Dataset records
= Beginning of Section =
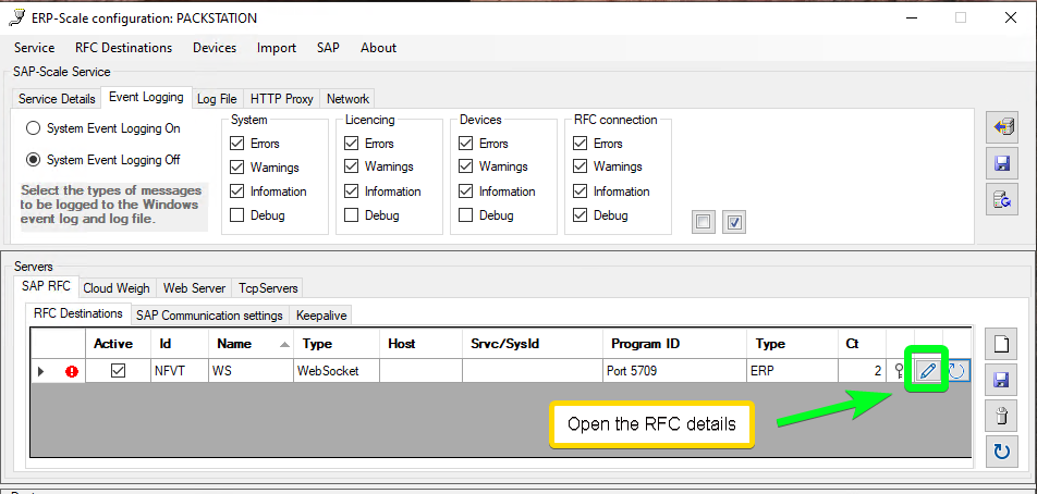 - In the ERP-Scale configuration utility, open the RFC connection details:
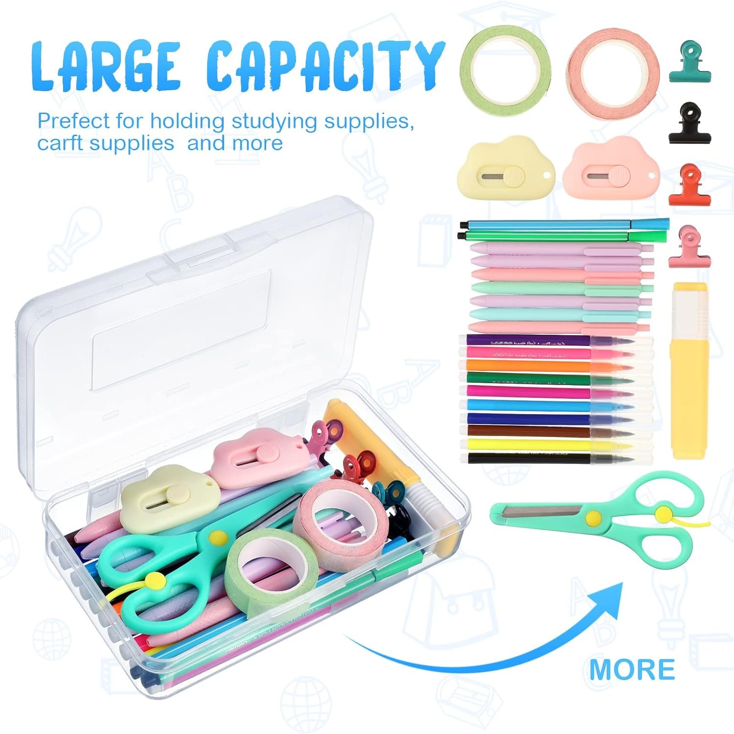 Practical Design: the large size of the large school box helps students and teachers organize pencils, crayons and other school supplies; It has a cover to avoid your items from falling; The clear design lets you see your items clearly and is easy to find
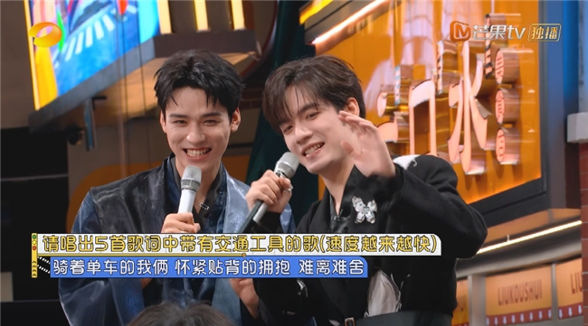好六江湖,暗流涌动。节目刚开场何老师就宣布两个门派中都有对方的卧底,直接把现场紧张感拉满!首轮游戏按要求接力唱歌,让“有卧龙的地方就有凤雏”这句话的含金量再次上升:“六个门”前有马伯骞一开嗓就结束挑战,后有孟子义被提醒不能念歌词要唱;“暗河门”成员更是各有各的节目,要唱含有兵器的歌,彭小苒唱了刀郎的歌,让何老师直呼卧底演都不演了!下一趴张颜齐唱《单车》忘词,百灵鸟龚俊热心出手,两人唱嗨,喜提何老师化身人形弹幕:刚才是龚俊在教人唱歌吗?
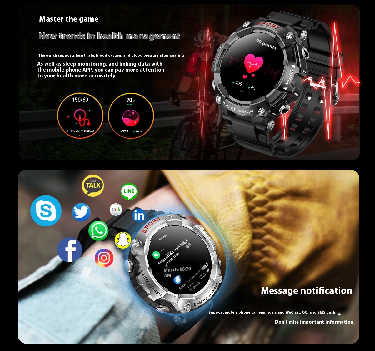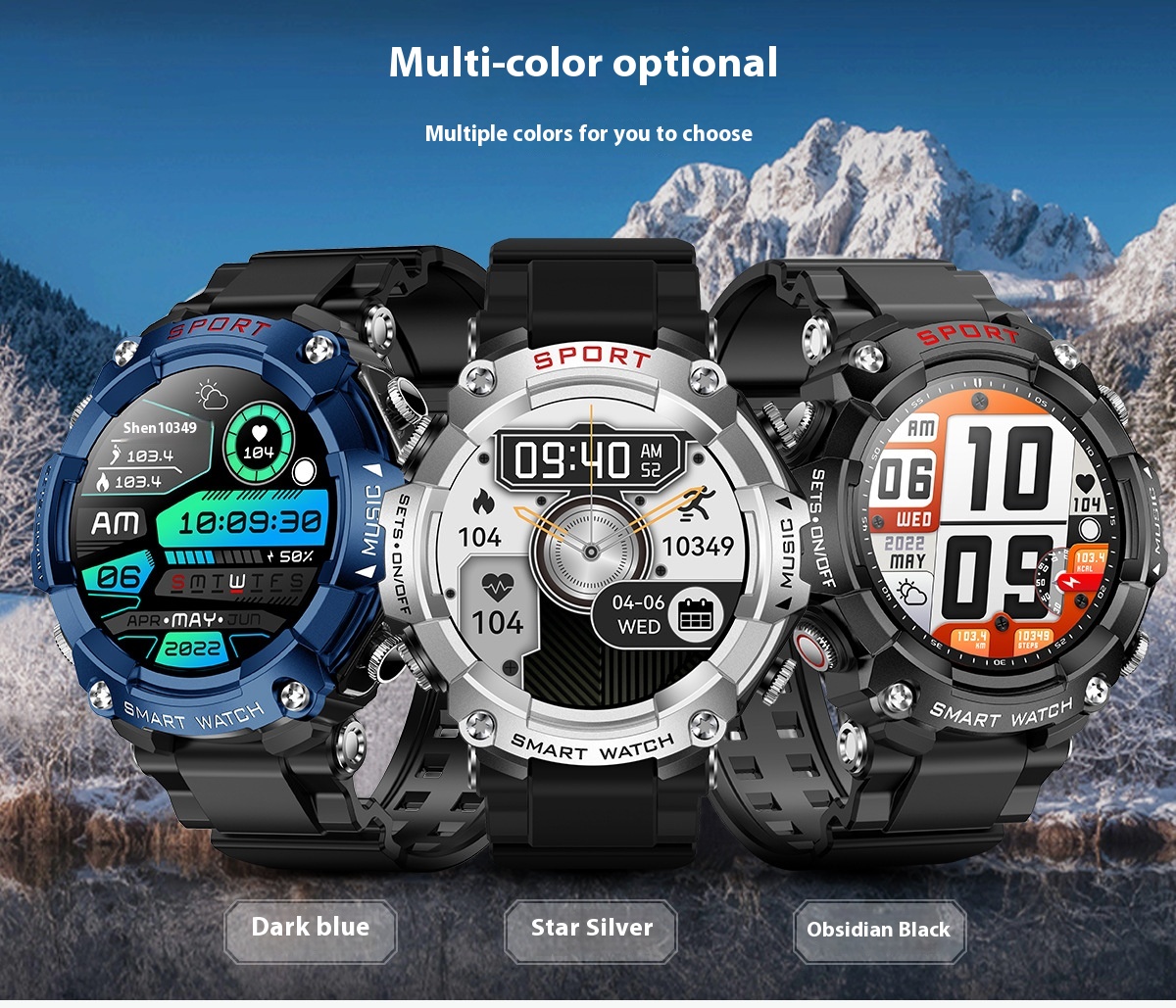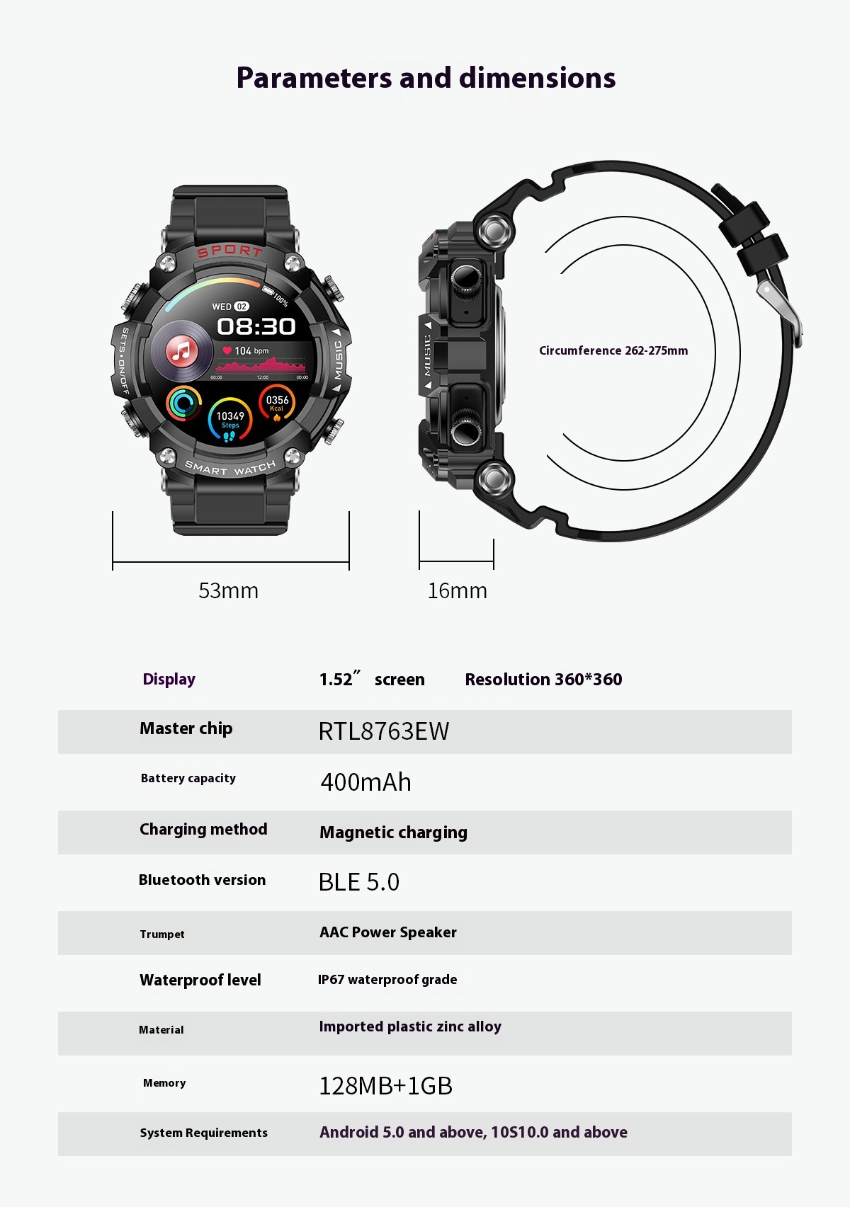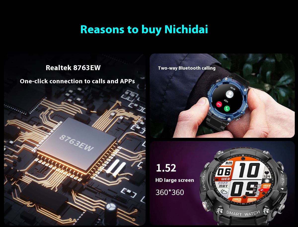 Functions: Waterproof, photographing, step counting, heart rate monitoring, blood pressure measurement, social entertainment, body temperature measurement, Bluetooth calling, NFC function, smart reminder, remote control selfie, sleep monitoring, blood oxygen detection
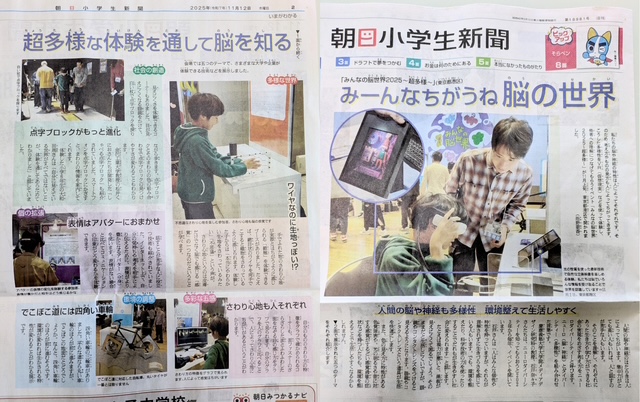 日経新聞では 「Every brain is unique」、朝日小学生新聞では 「みーんなちがうね 脳の世界」 というタイトルで掲載されています。
= End of Section =
Your assignment
Only exact copies are wanted here. Write out the lines from the one containing "好六江湖,暗流涌动。节目刚开" through the end of the material and no others, omitting all pictures.

Expected answer
好六江湖,暗流涌动。节目刚开场何老师就宣布两个门派中都有对方的卧底,直接把现场紧张感拉满!首轮游戏按要求接力唱歌,让“有卧龙的地方就有凤雏”这句话的含金量再次上升:“六个门”前有马伯骞一开嗓就结束挑战,后有孟子义被提醒不能念歌词要唱;“暗河门”成员更是各有各的节目,要唱含有兵器的歌,彭小苒唱了刀郎的歌,让何老师直呼卧底演都不演了!下一趴张颜齐唱《单车》忘词,百灵鸟龚俊热心出手,两人唱嗨,喜提何老师化身人形弹幕:刚才是龚俊在教人唱歌吗?
 Functions: Waterproof, photographing, step counting, heart rate monitoring, blood pressure measurement, social entertainment, body temperature measurement, Bluetooth calling, NFC function, smart reminder, remote control selfie, sleep monitoring, blood oxygen detection
 日経新聞では 「Every brain is unique」、朝日小学生新聞では 「みーんなちがうね 脳の世界」 というタイトルで掲載されています。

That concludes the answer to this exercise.